● **Your task**:
Of the lines in the material below, print only those from the one containing "Remplacement des bornes" to the one containing "La cuna y mesa", ends included, exactly as written and without pictures.

[Dataset — start]

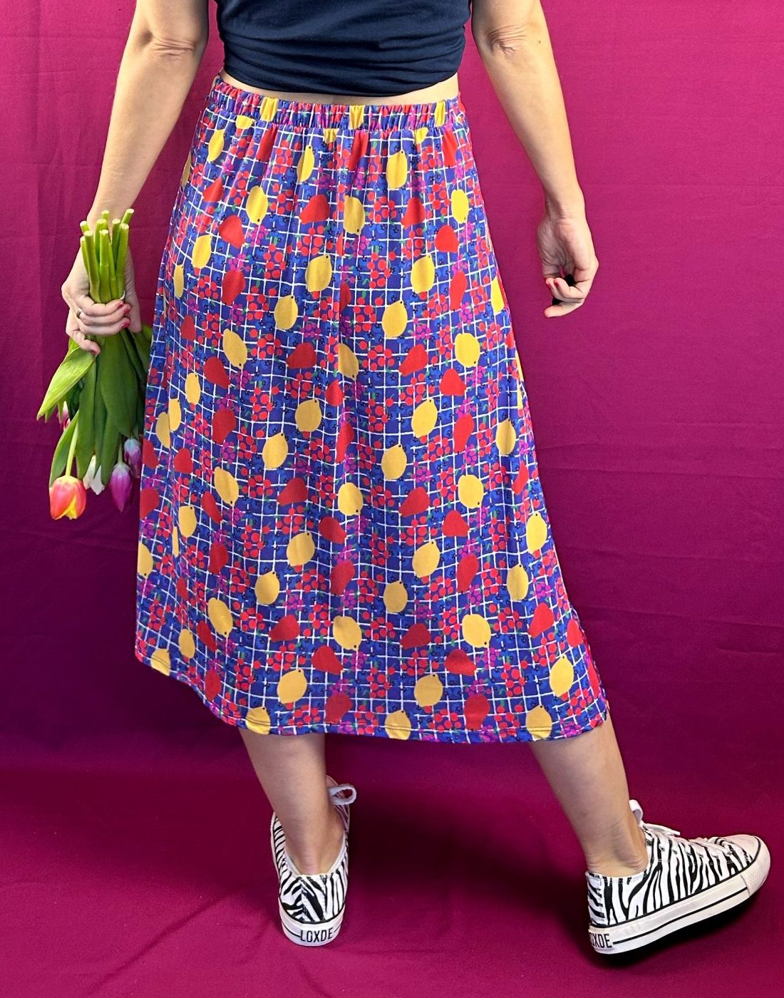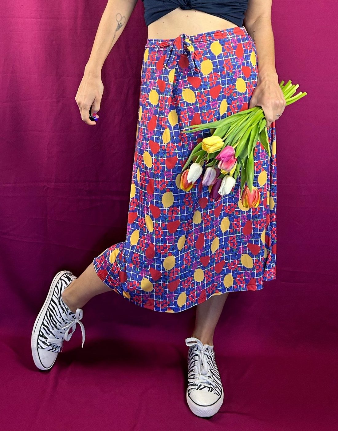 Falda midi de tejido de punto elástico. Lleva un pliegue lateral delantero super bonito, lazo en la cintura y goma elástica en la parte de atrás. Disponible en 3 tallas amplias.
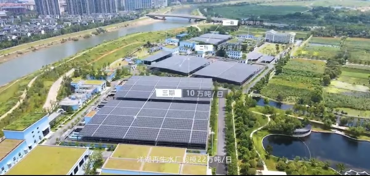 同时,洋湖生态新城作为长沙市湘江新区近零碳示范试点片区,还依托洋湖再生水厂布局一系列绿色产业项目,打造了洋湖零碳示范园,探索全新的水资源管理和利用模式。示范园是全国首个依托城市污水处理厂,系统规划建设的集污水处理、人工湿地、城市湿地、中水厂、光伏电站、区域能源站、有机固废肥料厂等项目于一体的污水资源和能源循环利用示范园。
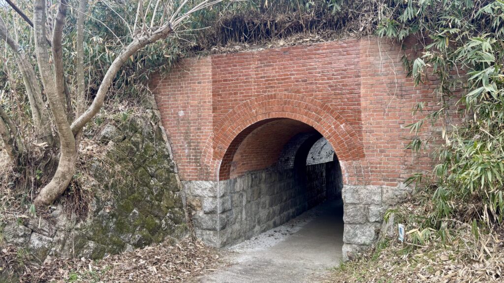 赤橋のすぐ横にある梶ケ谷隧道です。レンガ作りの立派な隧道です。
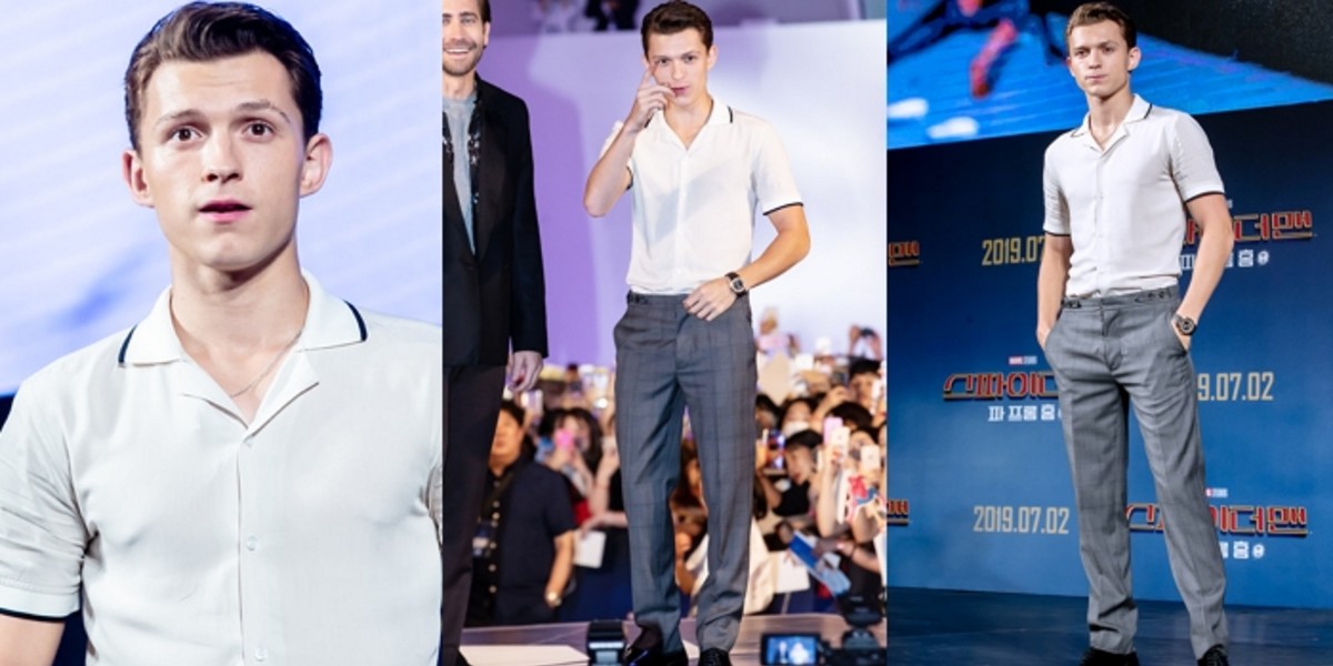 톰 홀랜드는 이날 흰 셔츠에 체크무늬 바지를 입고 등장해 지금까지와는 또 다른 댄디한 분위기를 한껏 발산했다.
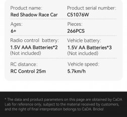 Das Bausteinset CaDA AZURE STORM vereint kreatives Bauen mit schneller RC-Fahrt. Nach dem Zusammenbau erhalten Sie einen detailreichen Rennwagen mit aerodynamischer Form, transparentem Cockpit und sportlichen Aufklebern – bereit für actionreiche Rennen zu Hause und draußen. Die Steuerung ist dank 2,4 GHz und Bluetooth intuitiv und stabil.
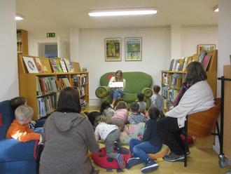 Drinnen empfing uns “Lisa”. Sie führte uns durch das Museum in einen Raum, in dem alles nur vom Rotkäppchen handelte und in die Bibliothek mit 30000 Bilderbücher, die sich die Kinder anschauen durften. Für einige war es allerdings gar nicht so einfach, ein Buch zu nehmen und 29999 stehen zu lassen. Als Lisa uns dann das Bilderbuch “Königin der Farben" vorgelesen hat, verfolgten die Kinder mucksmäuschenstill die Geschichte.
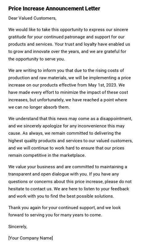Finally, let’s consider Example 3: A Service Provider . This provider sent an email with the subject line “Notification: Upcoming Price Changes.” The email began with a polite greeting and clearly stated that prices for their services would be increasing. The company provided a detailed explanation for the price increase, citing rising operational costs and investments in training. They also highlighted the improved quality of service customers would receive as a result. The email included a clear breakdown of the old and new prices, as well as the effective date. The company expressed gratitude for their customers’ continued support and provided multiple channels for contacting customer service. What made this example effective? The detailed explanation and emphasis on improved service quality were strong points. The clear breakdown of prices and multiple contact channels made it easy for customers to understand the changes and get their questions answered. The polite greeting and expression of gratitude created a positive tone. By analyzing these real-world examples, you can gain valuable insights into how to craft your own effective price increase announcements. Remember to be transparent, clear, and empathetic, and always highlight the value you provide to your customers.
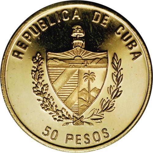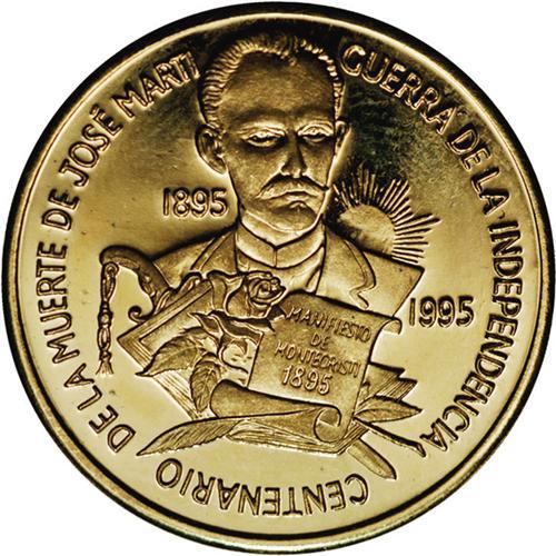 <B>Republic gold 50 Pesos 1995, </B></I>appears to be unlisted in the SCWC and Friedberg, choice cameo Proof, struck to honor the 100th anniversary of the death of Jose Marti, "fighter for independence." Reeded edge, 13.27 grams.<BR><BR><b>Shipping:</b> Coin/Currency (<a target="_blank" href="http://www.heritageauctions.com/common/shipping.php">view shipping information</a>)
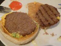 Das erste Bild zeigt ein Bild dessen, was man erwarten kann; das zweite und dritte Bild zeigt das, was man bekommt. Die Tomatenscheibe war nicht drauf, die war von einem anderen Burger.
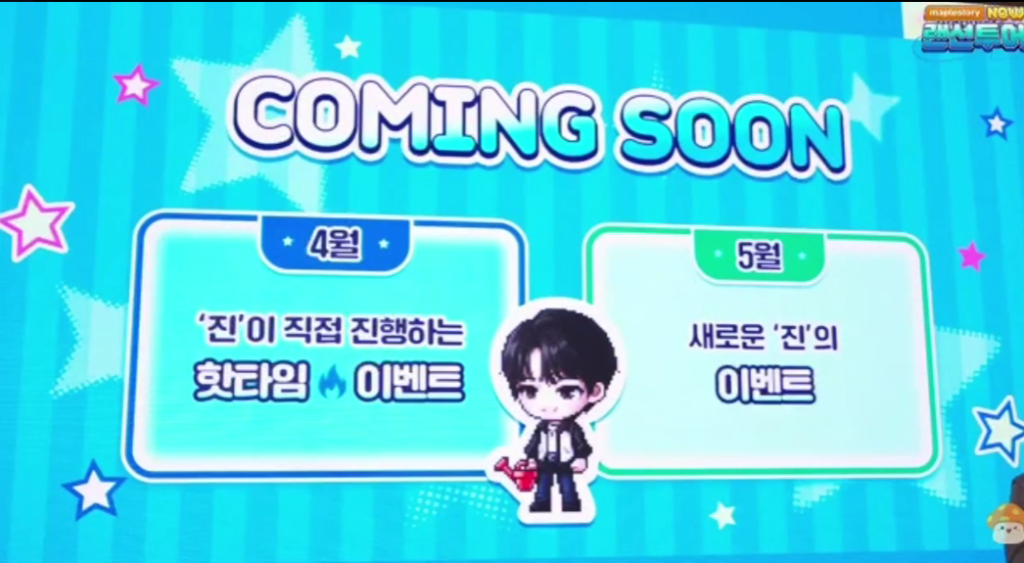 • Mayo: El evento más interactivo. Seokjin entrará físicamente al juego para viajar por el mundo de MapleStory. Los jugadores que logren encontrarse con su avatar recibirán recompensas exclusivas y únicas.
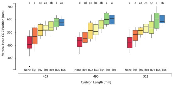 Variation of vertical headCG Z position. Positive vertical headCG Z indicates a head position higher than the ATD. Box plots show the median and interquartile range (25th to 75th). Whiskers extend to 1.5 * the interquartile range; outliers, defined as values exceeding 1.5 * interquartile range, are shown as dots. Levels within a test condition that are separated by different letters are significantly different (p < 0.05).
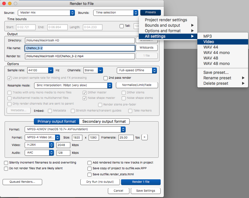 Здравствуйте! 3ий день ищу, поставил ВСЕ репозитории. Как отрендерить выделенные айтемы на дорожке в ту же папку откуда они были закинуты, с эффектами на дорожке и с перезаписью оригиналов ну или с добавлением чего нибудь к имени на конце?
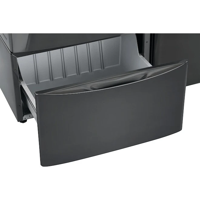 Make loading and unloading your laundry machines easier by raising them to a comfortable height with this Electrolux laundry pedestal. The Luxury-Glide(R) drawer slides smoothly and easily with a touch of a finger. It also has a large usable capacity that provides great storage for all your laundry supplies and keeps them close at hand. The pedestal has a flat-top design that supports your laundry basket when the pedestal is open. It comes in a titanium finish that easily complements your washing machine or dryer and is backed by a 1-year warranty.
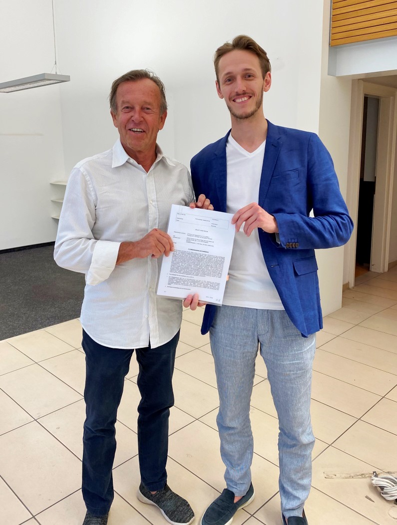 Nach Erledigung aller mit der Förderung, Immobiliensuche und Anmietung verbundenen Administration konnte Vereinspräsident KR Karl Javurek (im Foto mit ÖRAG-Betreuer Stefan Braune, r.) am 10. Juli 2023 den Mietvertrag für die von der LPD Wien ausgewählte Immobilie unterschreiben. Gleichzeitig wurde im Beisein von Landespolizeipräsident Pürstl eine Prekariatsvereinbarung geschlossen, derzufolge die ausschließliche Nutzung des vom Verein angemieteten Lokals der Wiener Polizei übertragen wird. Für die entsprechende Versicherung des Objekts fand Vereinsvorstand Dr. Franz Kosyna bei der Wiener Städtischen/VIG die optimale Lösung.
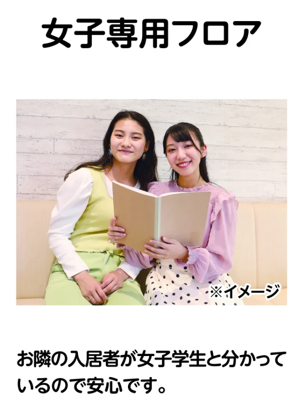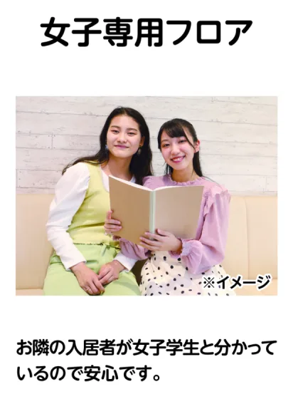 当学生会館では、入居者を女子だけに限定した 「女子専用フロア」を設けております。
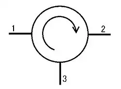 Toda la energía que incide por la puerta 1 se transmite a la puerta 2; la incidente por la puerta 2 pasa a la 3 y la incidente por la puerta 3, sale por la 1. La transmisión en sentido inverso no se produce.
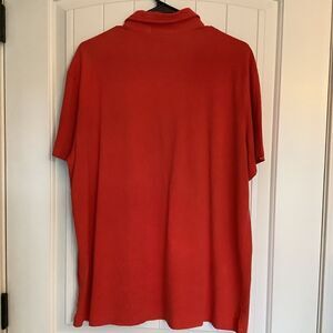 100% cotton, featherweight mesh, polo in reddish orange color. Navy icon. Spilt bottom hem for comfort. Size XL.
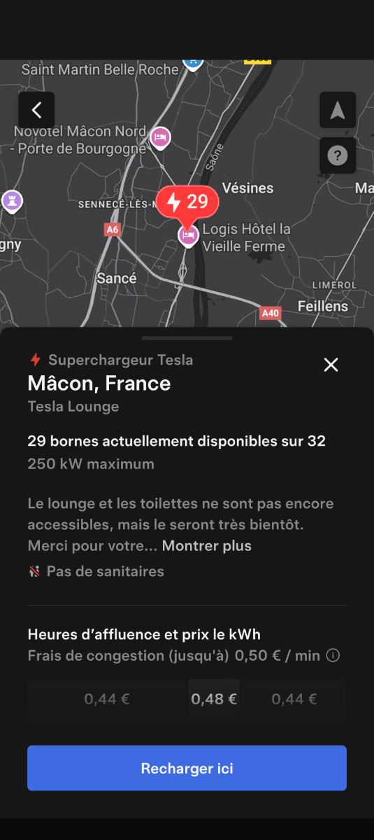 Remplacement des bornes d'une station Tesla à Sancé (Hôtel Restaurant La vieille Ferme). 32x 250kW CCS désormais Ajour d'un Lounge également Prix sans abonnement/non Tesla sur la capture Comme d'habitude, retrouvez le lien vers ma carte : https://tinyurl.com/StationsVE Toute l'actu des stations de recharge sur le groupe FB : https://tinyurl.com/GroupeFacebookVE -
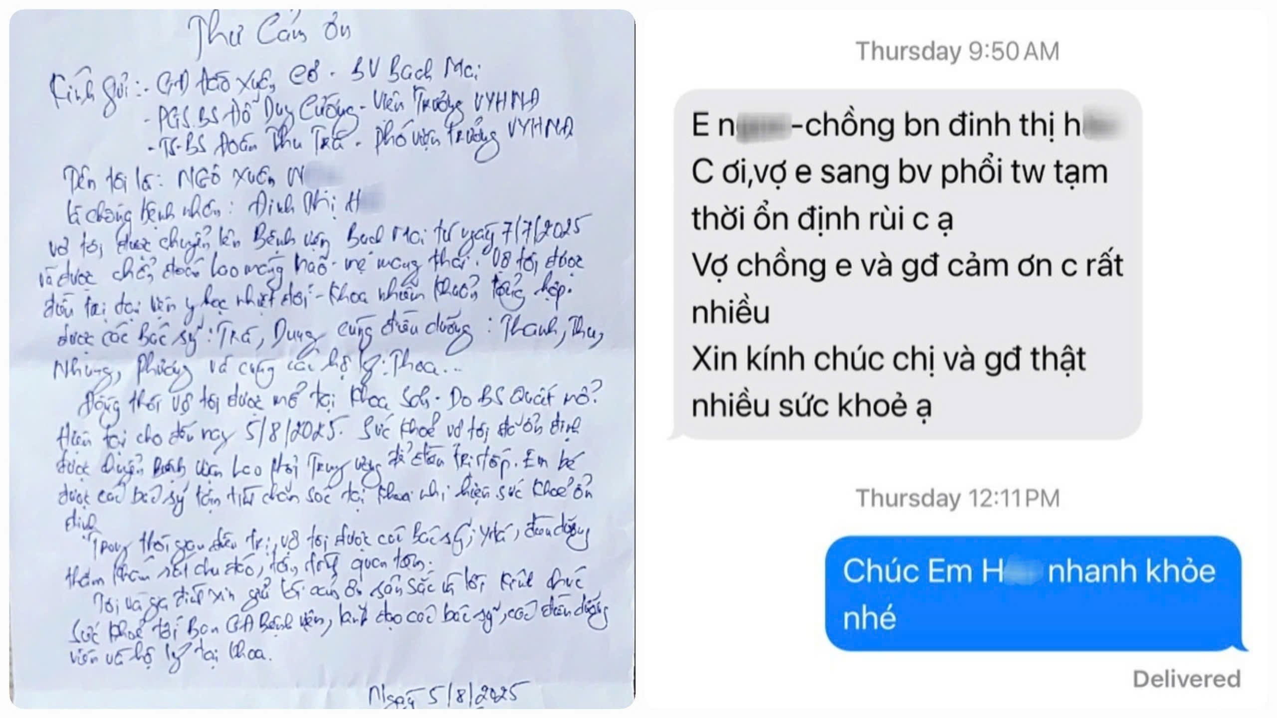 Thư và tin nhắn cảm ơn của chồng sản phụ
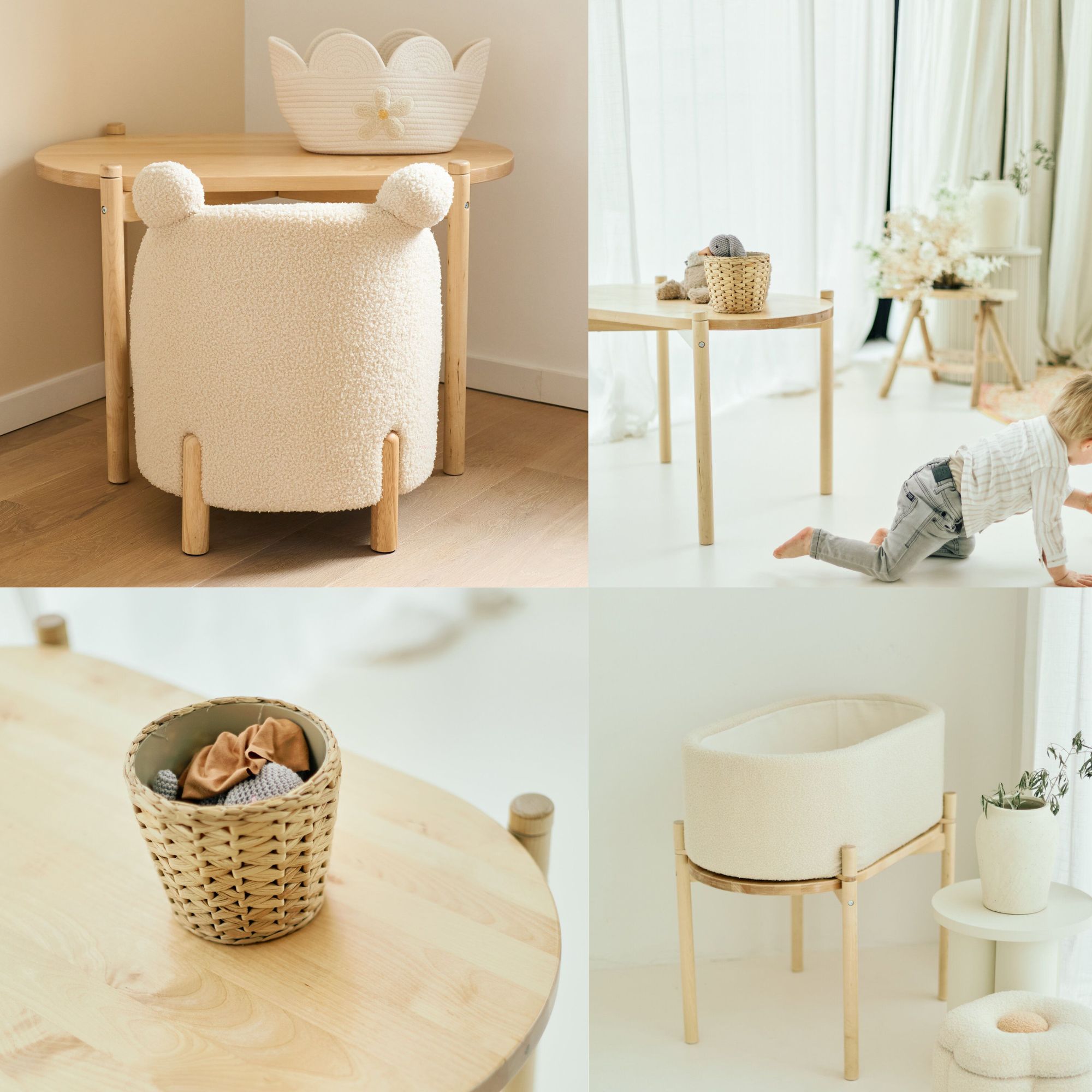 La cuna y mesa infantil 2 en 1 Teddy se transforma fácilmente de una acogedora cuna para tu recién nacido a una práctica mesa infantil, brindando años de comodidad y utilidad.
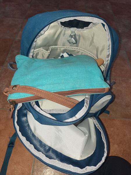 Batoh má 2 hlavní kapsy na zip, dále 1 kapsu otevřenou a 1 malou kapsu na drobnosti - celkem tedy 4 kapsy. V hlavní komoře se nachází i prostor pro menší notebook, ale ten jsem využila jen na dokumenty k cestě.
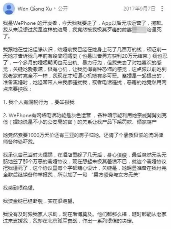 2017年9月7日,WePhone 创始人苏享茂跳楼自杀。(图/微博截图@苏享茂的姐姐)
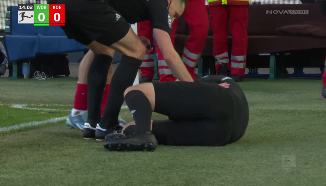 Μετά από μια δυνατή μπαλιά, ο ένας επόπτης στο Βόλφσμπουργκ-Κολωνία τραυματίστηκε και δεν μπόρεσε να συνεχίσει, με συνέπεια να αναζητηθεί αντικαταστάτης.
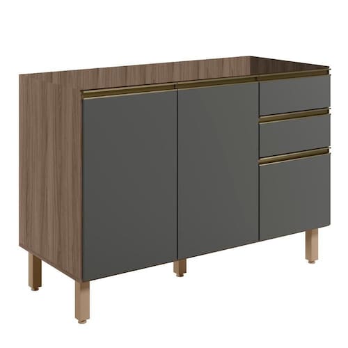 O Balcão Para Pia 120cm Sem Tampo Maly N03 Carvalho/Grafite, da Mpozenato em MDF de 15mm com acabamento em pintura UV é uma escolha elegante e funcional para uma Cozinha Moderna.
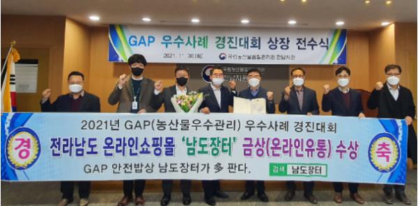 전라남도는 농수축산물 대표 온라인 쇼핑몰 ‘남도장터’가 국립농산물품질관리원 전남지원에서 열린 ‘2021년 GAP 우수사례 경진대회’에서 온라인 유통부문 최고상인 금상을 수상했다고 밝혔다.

[Dataset — finish]

● **Reply to the exercise**:
 Remplacement des bornes d'une station Tesla à Sancé (Hôtel Restaurant La vieille Ferme). 32x 250kW CCS désormais Ajour d'un Lounge également Prix sans abonnement/non Tesla sur la capture Comme d'habitude, retrouvez le lien vers ma carte : https://tinyurl.com/StationsVE Toute l'actu des stations de recharge sur le groupe FB : https://tinyurl.com/GroupeFacebookVE -
 Thư và tin nhắn cảm ơn của chồng sản phụ
 La cuna y mesa infantil 2 en 1 Teddy se transforma fácilmente de una acogedora cuna para tu recién nacido a una práctica mesa infantil, brindando años de comodidad y utilidad.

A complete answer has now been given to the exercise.